La scrittrice sostiene quindi come nell’accezione filosofica quest’ultima venga intesa come una forza vitale
energica e creativa che riesce ad essere in grado di dominare il mondo. Questa manifestazione vitale si
trasmette anche alla società, come risulta chiaro da queste parole: “Tutti sappiamo fino a che punto questa
combinazione di violenza, vita e creatività sia presente nell’inquieta situazione mentale della generazione
odierna”. Infine Harendt sostiene di non essere d’accordo con queste considerazioni di stampo filosofico,
criticando infatti le visioni di Bergson e di Sorel.
In un articolo pubblicato da www.repubblica.it/esteri/213/08/28/news/martin_luther-king-discorso65443575/, viene riportato un discorso dello statunitense Martin Luther King, il principale esponente della
lotta non violenta afroamericana per l’ottenimento dei diritti civili e della pari uguaglianza tra neri e bianchi
negli Stati Uniti d’America. Dalle sue parole emerge come fosse giunto il momento di porre fine nel proprio
Paese alla segregazione degli afroamericani, in modo tale da ristabilire un grado di giustizia e di parità con il
sistema di potere dominato dai bianchi che ha un’egemonia anche negli altri settori importanti, come
quello economico e sociale. Dalle sue parole emerge quanto segue: “Non dovremo permettere che la
nostra protesta creativa degeneri in violenza fisica.
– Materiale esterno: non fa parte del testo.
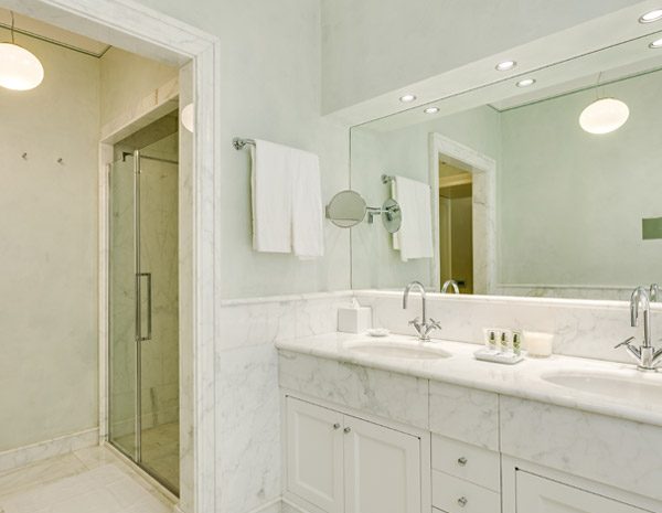 The spacious bathroom featuring exclusive white Calacatta marble reflects the same elegant style. It has a large window overlooking the internal courtyard, two washbasins and a large shower.

Dovremo continuamente elevarci alle maestose vette di
chi risponde alla forza fisica con la forza dell’anima”. Con queste parole Martin Luther King si fa portavoce
sia dei principi della non violenza sia dei principi democratici, i quali devono essere diffusi nel resto del
mondo.
Anche nell’ambito giuridico la violenza si insinua in maniera travolgente, infatti, come dice Walter Benjamin
in “Per la critica della violenza”, 1921, trad. it., Alegre, Roma, 2010 essa costituisce da sempre una minaccia
nei confronti del sistema giuridico. Un esempio di questa manifestazione di tipo negativo è rappresentato
dal diritto sindacale che da mezzo di tutela, parità e uguaglianza dei lavoratori diviene un elemento che,
talvolta, può essere esercitato in funzione di pratiche violente. Questi concetti sono espressi dall’autore in
questo modo: “Contro questo modo di vedere si può certamente obiettare che l’omissione di azioni, un
non-agire, come in fin dei conti è lo sciopero, non dovrebbe essere affatto definita come violenza”.
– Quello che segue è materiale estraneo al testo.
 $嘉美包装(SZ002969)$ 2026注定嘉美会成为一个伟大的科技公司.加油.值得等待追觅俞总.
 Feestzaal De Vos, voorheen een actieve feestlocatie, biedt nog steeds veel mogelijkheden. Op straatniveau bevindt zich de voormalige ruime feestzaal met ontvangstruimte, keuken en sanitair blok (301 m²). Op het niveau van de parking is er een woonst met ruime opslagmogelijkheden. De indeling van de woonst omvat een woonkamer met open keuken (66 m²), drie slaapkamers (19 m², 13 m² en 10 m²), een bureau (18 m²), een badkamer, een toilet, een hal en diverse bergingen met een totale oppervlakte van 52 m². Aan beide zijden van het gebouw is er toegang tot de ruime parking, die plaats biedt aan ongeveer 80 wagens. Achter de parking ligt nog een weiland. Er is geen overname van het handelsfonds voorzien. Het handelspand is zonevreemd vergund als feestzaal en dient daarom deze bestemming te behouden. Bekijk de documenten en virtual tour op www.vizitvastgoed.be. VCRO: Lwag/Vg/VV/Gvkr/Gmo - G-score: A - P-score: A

Il XX secolo quindi è caratterizzato da due fenomeni opposti l’uno all’altro, come la violenza, che nelle sue
varie manifestazioni, attraversa i vari ambiti del pensiero, come per esempio quello politico, quello
filosofico, sociale ed economico e la non violenza che si basa su principi democratici, spirituali che
dovrebbero diffondersi in tutto il mondo.